Retinitis pigmentosa is a rare inherited disease which affects the photoreceptors of the retina. These cells (rods and cones) absorb the light energy and transmit the signal to other retinal cells, until the signal reaches special parts of the brain.
This disease affects mostly one type of photoreceptors, which are called rods and are activated at night and at mesopic conditions (low light conditions). Some gene's mutation leads to gradual death of the photosensitive cells and thereby cause loss of the peripheral visual field initially and later on loss of central vision also.
We can distinguish retinitis pigmentosa in two subcategories:
• Type 1: Night blindness early (children at the age of 10), due to rods cells loss and as a result, it leads to peripheral vision loss.
• Type 2: Night blindness appears at the adulthood and is characterized by loss of rods as well as cones sensitivity.

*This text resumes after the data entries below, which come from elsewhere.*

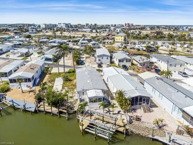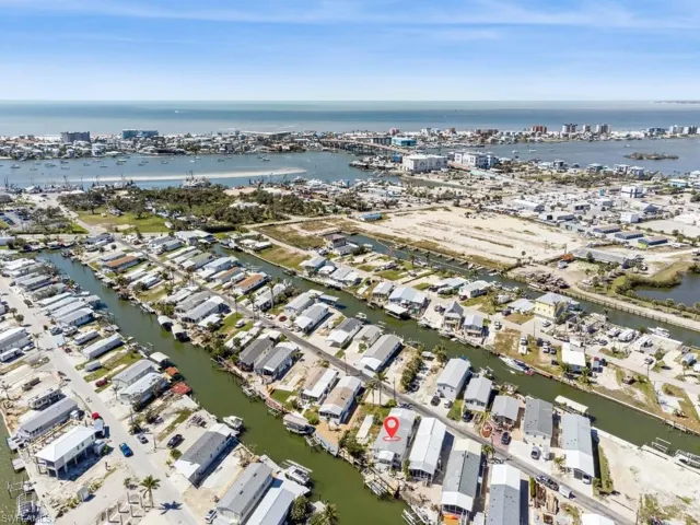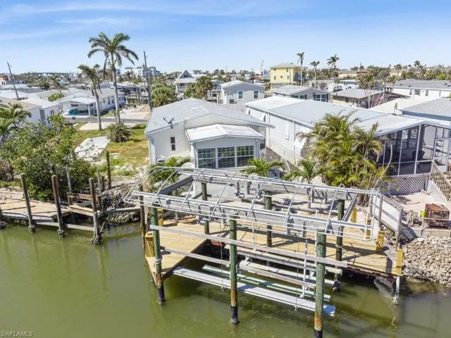 SELLER FINANCING AVAILABLE WITH JUST 10% DOWN! Located on a deep-water canal with direct Gulf access, this 3-bedroom, 2-bath home includes a 10,000 lb boat lift, kayak launch and a private dock. Perfect for boaters looking for a low-maintenance Florida home near the beach. Fully renovated inside after Hurricane Ian, the home features light gray waterproof luxury vinyl flooring, recessed lighting, granite countertops, white wood cabinets and stainless-steel appliances. The master suite includes two separate vanities and a walk-in tiled shower. Guest bath includes a tiled tub/shower combo. New AC, washer and dryer, and plenty of storage throughout. A one-car garage, carport and extra parking complete the setup. Located on San Carlos Island in a 55+ community with low monthly fees that include water, sewer and trash. Walk or ride to Fort Myers Beach, Doc Ford’s, Dixie Fish Company and the Key West Express. Whether you’re looking for a seasonal escape or a full-time home, this is your opportunity to own a piece of paradise with unbeatable access to the water and all that Southwest Florida has to offer. One or more photo(s) have been virtually staged.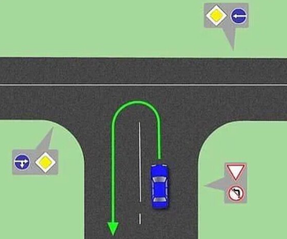 И так, водитель автомобиля подъезжает к перекрестку. Он видит знаки "Уступить дорогу" и "Поворот налево запрещен". В этой ситуации водитель не собирается поворачивать, а хочет сделать разворот, а как мы знаем из правил, разворот нам резрешен.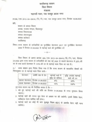 राज्य शासन द्वारा यह भी निर्णय लिया गया है कि बढ़े हुए महंगाई भत्ते की राशि एक अगस्त 2022 से नगद भुगतान किया जाएगा। महंगाई भत्ते की गणना मूल वेतन के आधार पर की जाएगी। इसमें विशेष वेतन, व्यक्तिगत वेतन शामिल नहीं होगा। महंगाई भत्ते का कोई भी भाग मूल नियम 9 (21) के अंतर्गत वेतन नहीं माना जाएगा।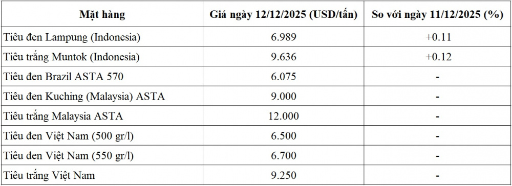 Trên thị trường thế giới, dựa trên báo giá của các doanh nghiệp xuất khẩu và giá xuất cảng tại các nước, Hiệp hội Hồ tiêu Quốc tế (IPC) cập nhật giá tiêu mới nhất tính đến ngày 12/12/2025 giảm nhẹ so với cuối tuần trước. Cụ thể như sau: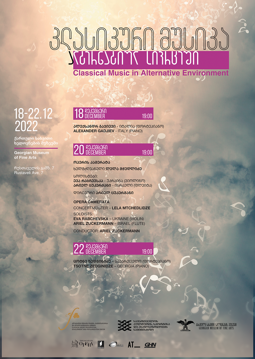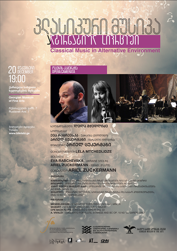 20 დეკემბერს მსმენელის წინაშე წარდგებიან კამერული ორკესტრი „ოპერის კამერატა“ (ხელმძღვანელი – ლელა მჭედლიძე), არიელ ცუკერმანის დირიჟორობით, და სოლისტები: ბრიუსელის დედოფალი ელისაბედის 2019 წლის საერთაშორისო კონკურსის ლაურეატი ევა რაბჩევსკა (ვიოლინო) და არიელ ცუკერმანი (ფლეიტა).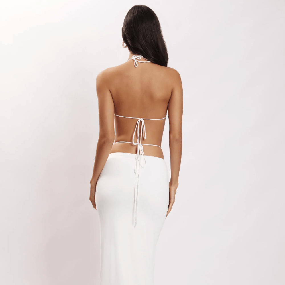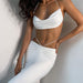 Snowflake Ruched Detail Bodycon Two Piece Set features a halter neckline with barely-there straps. ruched side detailing and a self-tie open back.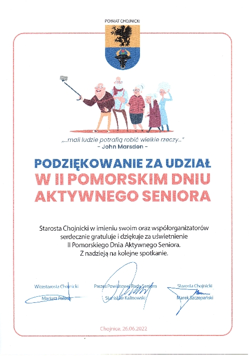W niedzielę 26 czerwca 2022 r. w Fosie Miejskiej w Chojnicach bawili się seniorzy z całego województwa pomorskiego, a gwiazdą wieczoru był Krzysztof Daukszewicz. Gdyńskie Centrum Aktywności Seniora reprezentował zespół "Perełki".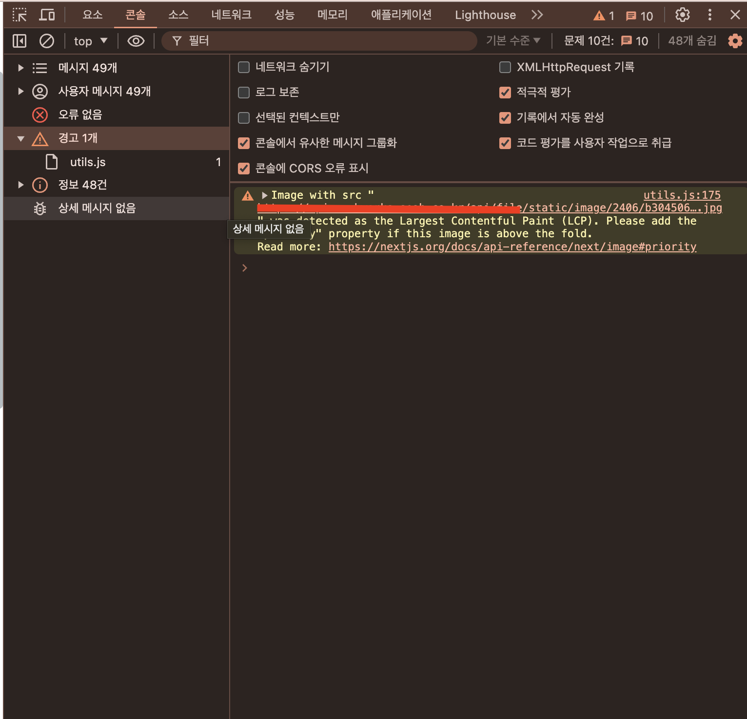 이 메시지는 Next.js 애플리케이션에서 Largest Contentful Paint (LCP)를 최적화하기 위해 이미지를 우선적으로 로드해야 한다는 경고입니다. LCP는 사용자가 페이지를 로드할 때 가장 큰 콘텐츠 요소가 화면에 나타나는 시간을 측정하는 웹 성능 지표이며 이는 사용자 경험을 개선하는 데 중요하다고 볼 수 있습니다.

Retinitis Pigmentosa symptoms
At initial stages, retinitis pigmentosa causes nyctalopia (also called night blindness), which is represented as difficulty in low light conditions, since early age. A common symptom is the loss of the peripheral vision, due to destruction of retinal rods. Rods are located mostly in the peripheral retina, so there is a narrowing of the visual fiend. The patients describe this condition as seeing through a tube.
Later, the disease may affect also the other type of photoreceptors, which are called cones. These cells are located mostly in the central retina, in the macula lutea and are responsible for central and color vision. In most cases, patients retain for a long time adequate central vision. However, there is always a big risk of the cones destruction, resulting in reduction of visual acuity.